| Data provided |

----------------

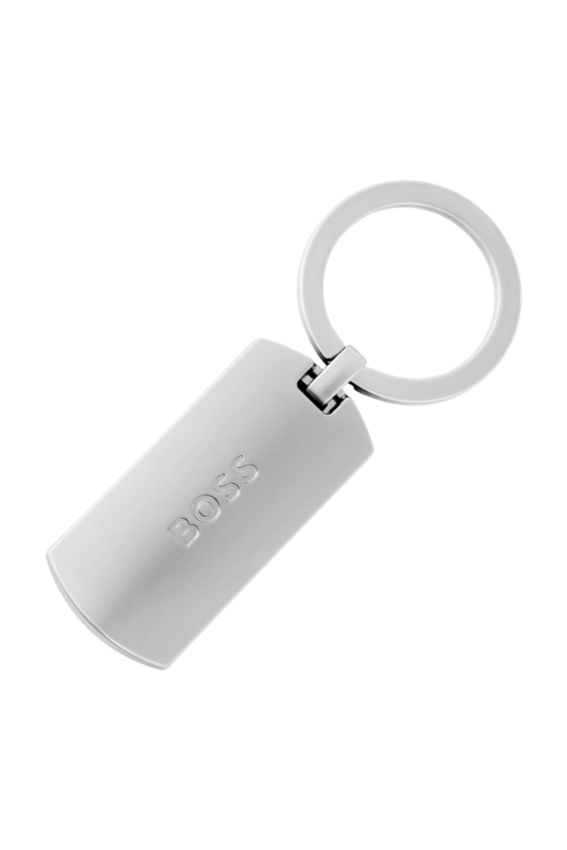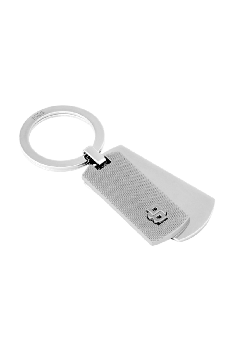 The Double B Diamond keyring is defined by a clean, precise design built around contrast and detail. It features two separate plates, one embossed with the BOSS logo and the other finished with a tight diamond-cut pattern for a refined, luxurious feel. A three-dimensional Double B plate is integrated onto the diamond-cut surface, creating a distinctive signature with added depth. The two-plate construction allows clear and practical marking areas while maintaining a sharp, minimal look. Available in chrome, gunmetal, or a black and gunmetal combination.
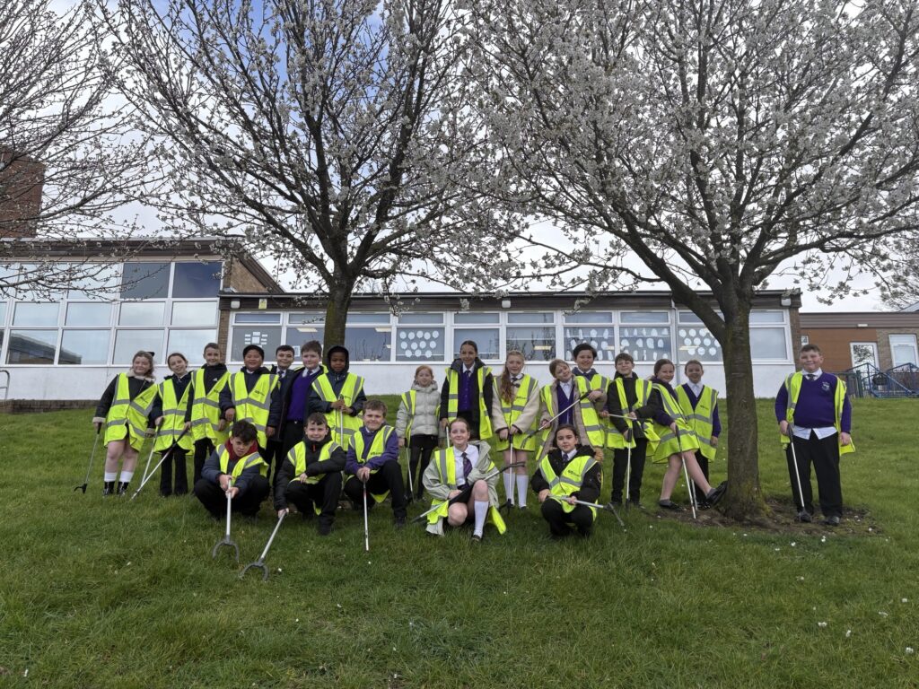 Lydia from Groundwork came to visit Year 5 again, and led the children in a litter pick around the school grounds. The children wore high-vis vests and used litter-pickers, working in pairs to hunt the school grounds for litter. As Eco Warriors, the children loved the opportunity to tidy up our school environment!
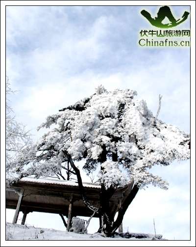 看,就在不遠的地方,樹木圍上了潔白的哈達,調(diào)皮的雪花還要給它們做個造型,于是千樹萬樹梨花開——出現(xiàn)了罕見的雪淞,遠遠的看上去,潔白如織,晶瑩剔透,萬分妖嬈。
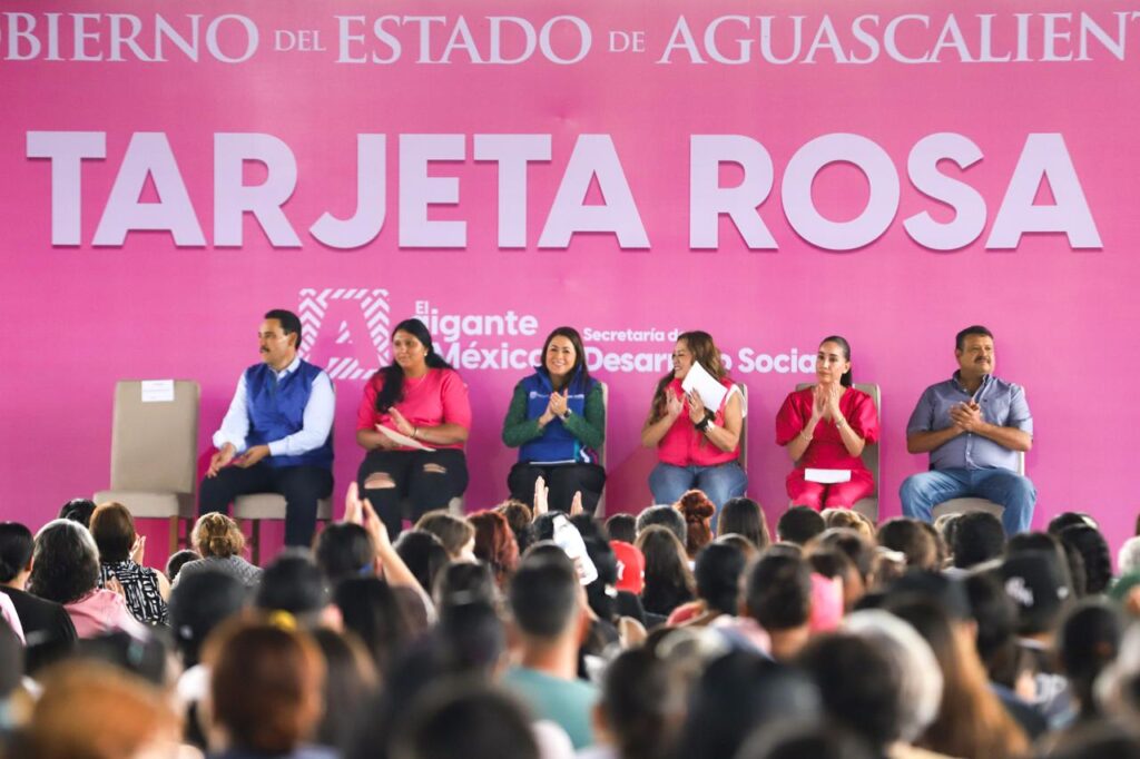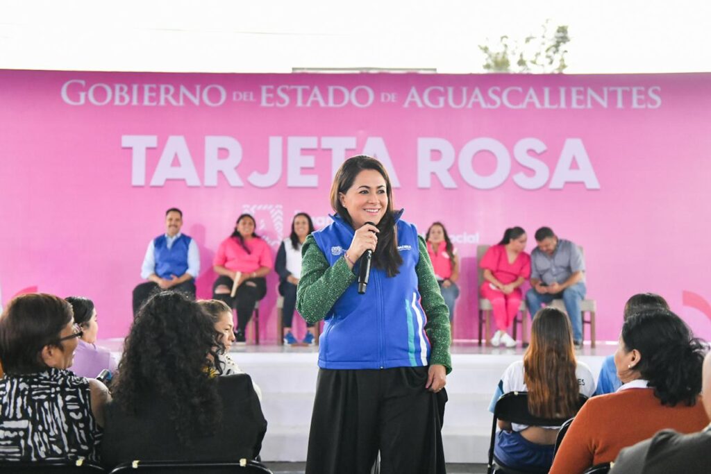 La gobernadora de Aguascalientes, Tere Jiménez, entregó 200 Tarjetas Rosas a mujeres de Pabellón de Arteaga, con la que tendrán acceso a un apoyo económico bimestral en reconocimiento a su trabajo a favor de sus comunidades. Este año, la meta es beneficiar a 3 mil mujeres que son agentes de cambio.

----------------

Repeat the lines above, starting at the first and stopping after the line that holds "看,就在不遠的地方,樹木圍上", with the pictures left out.

 The Double B Diamond keyring is defined by a clean, precise design built around contrast and detail. It features two separate plates, one embossed with the BOSS logo and the other finished with a tight diamond-cut pattern for a refined, luxurious feel. A three-dimensional Double B plate is integrated onto the diamond-cut surface, creating a distinctive signature with added depth. The two-plate construction allows clear and practical marking areas while maintaining a sharp, minimal look. Available in chrome, gunmetal, or a black and gunmetal combination.
 Lydia from Groundwork came to visit Year 5 again, and led the children in a litter pick around the school grounds. The children wore high-vis vests and used litter-pickers, working in pairs to hunt the school grounds for litter. As Eco Warriors, the children loved the opportunity to tidy up our school environment!
 看,就在不遠的地方,樹木圍上了潔白的哈達,調(diào)皮的雪花還要給它們做個造型,于是千樹萬樹梨花開——出現(xiàn)了罕見的雪淞,遠遠的看上去,潔白如織,晶瑩剔透,萬分妖嬈。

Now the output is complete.